For a "suitable" general multivector or Clifford number we try the Reverse or the Clifford conjugate. I notice that (X)(Xrev), for instance, results in only grades invariant to reversion; perhaps this would have been obvious beforehand to a mathematician. This elementary process works up to dimension 5, but fails at dimension 6. I have since seen 2 or 3 papers on the web which seem to agree with this result - but no one comments on it. Above dimension 5 it seems something more sophisticated is needed.
An example in dimension 5: (A)(Arev) = (B) gives grades B0 + B1 + B4 + B5.
B0 is the scalar and B1 is a vector; B4, B5 are the 4-vector and the pseudo-scalar.
In dimension 5 the pseudo-scalar commutes with all vectors and squares to +1 ; as a result we can use duality to re-arrange (B) as a paravector with coefficients in the duplex numbers (also known as hyperbolic, perplex or Study numbers) - that is as D0 + D1
Multiply by D0 - D1 to reach a duplex number which is readily reduced to a scalar.

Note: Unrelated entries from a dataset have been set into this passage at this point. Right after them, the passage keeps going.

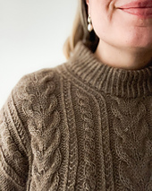 For the stitch patterns to show best, I recommend choosing unicolor or slightly tonal colorways. The Vivi pullover is worked by holding one strand of fingering weight yarn together with a strand of silk mohair but you can also knit it with a single strand of DK weight yarn.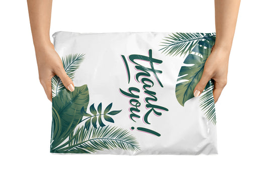 Poly Mailers 100 pcs 10x13 inch, Thank You Tropical Leaves Packaging Bags with Self Adhesive Strip 2.35 Mil Durable Mailing Envelopes for Shipping Multipurpose, Waterproof and Tear Proof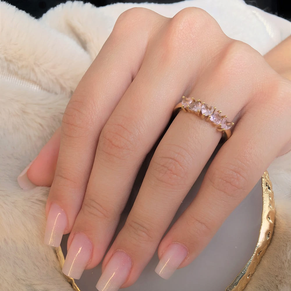 Anel 5 Corações Zircônias Rosas Folheado a Ouro 18K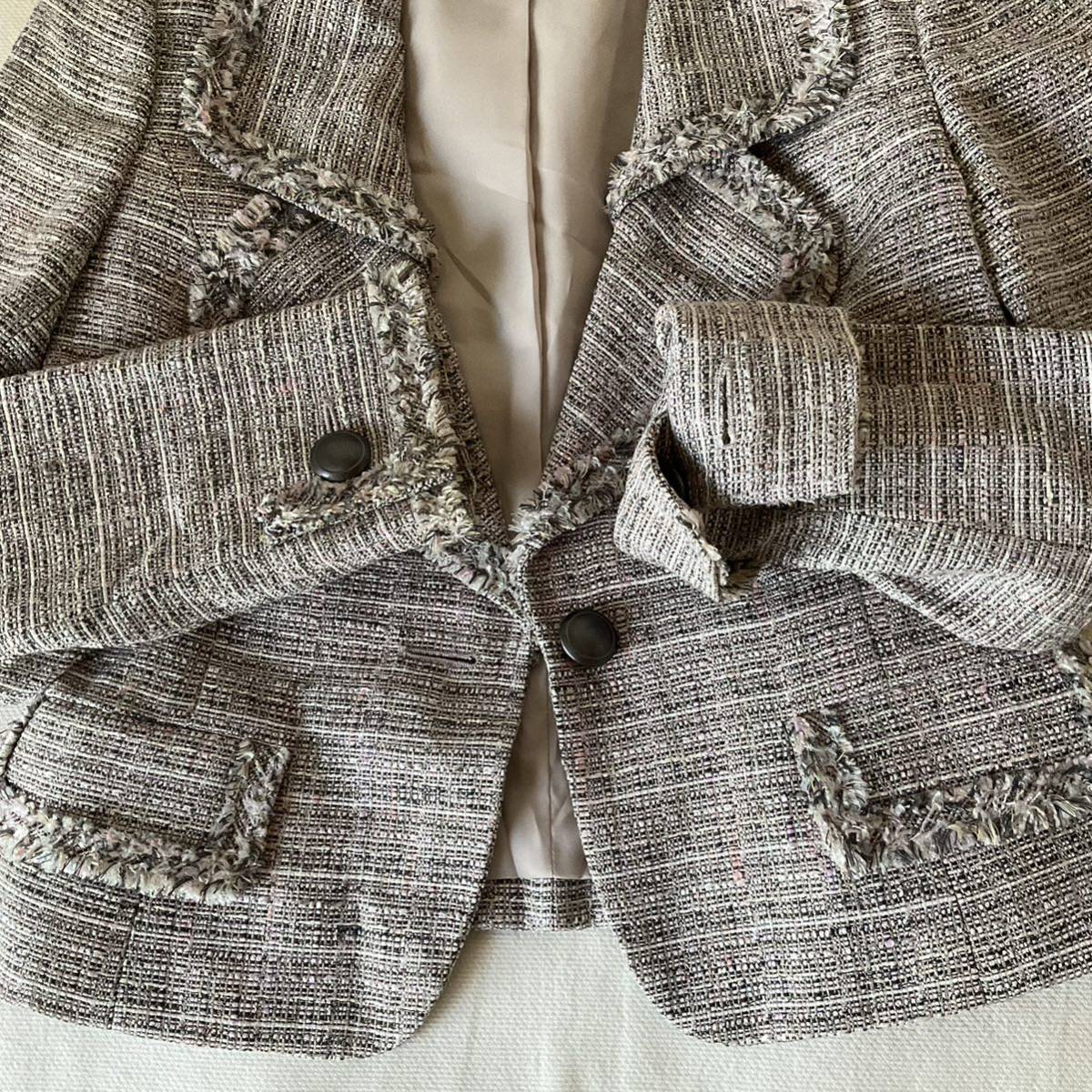 サイズ:上下表記9 実寸【ジャケット】肩幅38 身幅46 着丈49,5 ウエスト40 袖丈60【スカート】ウエスト35 丈50,5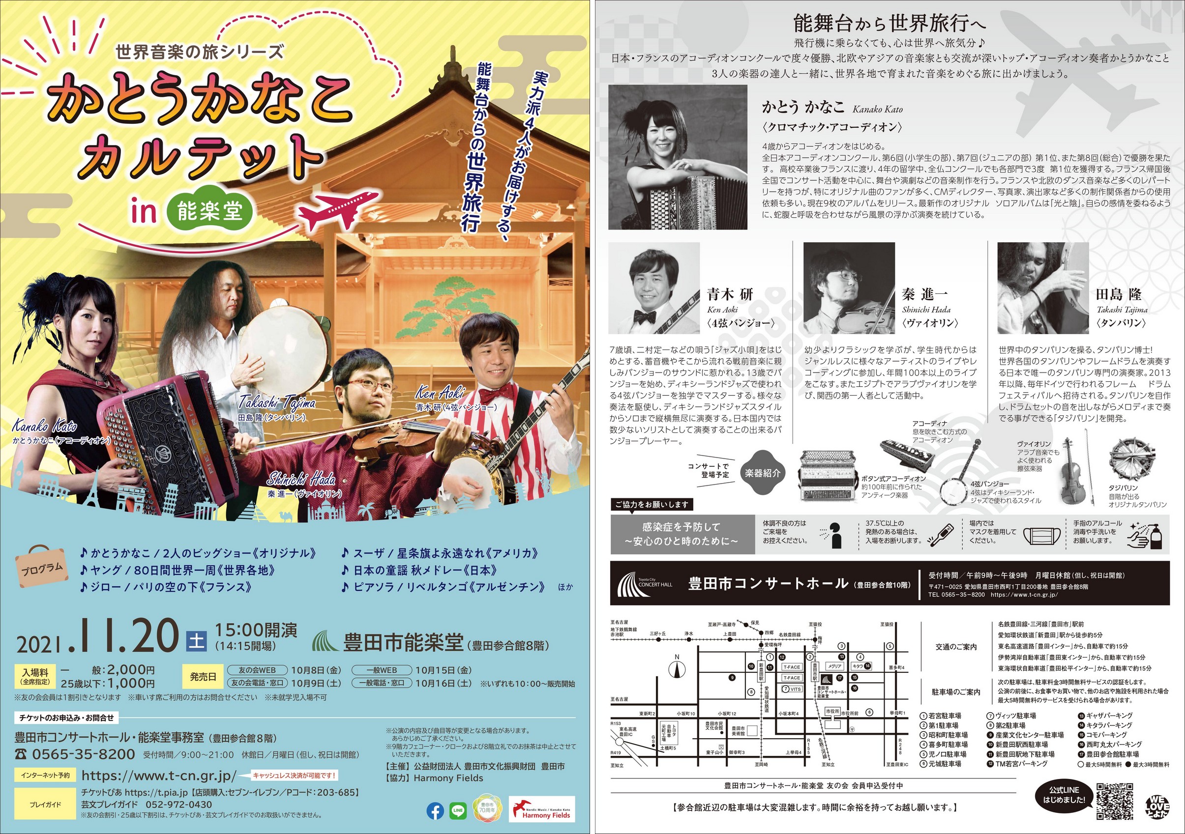 | 11/20 | 愛知 豊田市能楽堂「世界音楽の旅シリーズ~かとうかなこカルテット」●かとうかなこ、田島隆、青木 研(バンジョー)、秦 進一FLYER |
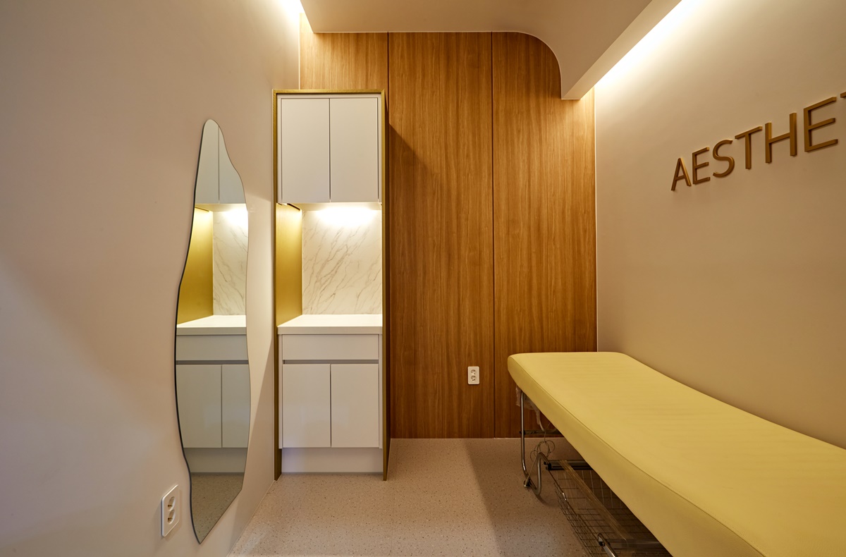 반면, 성인 환자를 위한 피부과는 차분하고 세련된 분위기를 조성해 안정감을 주고 있어요.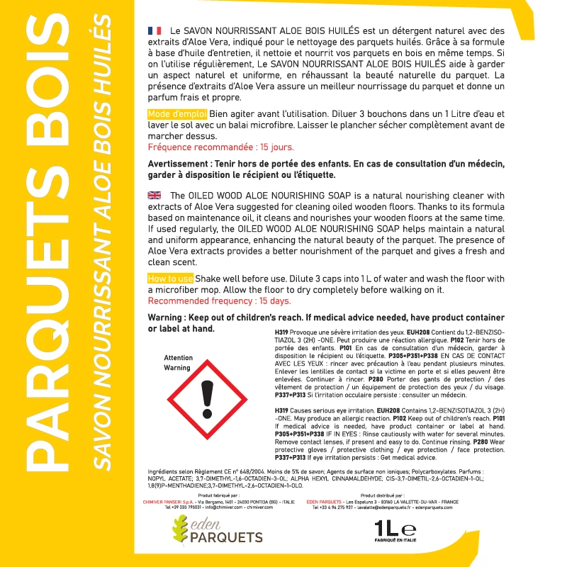 Savon Nourrissant Aloe Bois Huilés 1L Indiqué pour les parquets bois huilés

For dimension 6 and above I found the following "in principle" process - but it doesn't look to me like an efficient one:
In dim 6 (and above) arrange (X) as A+Bn where (A) and (B) are in dim 5 and n is one of the unit vectors (e6) for instance. Post multiply by C+Dn so as to remove e6 in the result. This can be done by something looking rather like a projection operator as discussed by Bouma. Repeat the process to step down the dimensions. I don't see why this shouldn't be extended to as high a dimension as required.
Solution 4:
With respect to the geometric product, if B is a non-null versor (could be a mixed signature GA), the inverse of B will be:
$$B^{-1} = \frac{B^\dagger}{B B^\dagger}$$
For a null-versor, the inverse with respect to the geometric product does not exist.
Solution 5:
If your multivector is a product of vectors ($x = x_1x_2\cdots{}x_n$) then the invers is given by
\begin{align} x^{-1} & = \left(x_1x_2\cdots{}x_n\right)^{-1}\\ & = x_n^{-1}\cdots{}x_1^{-1}. \end{align}
Since none null vectors are always invertible ($a^{-1} = \frac{a}{\Vert{}a\Vert^2}$) you can compute your inverse from that.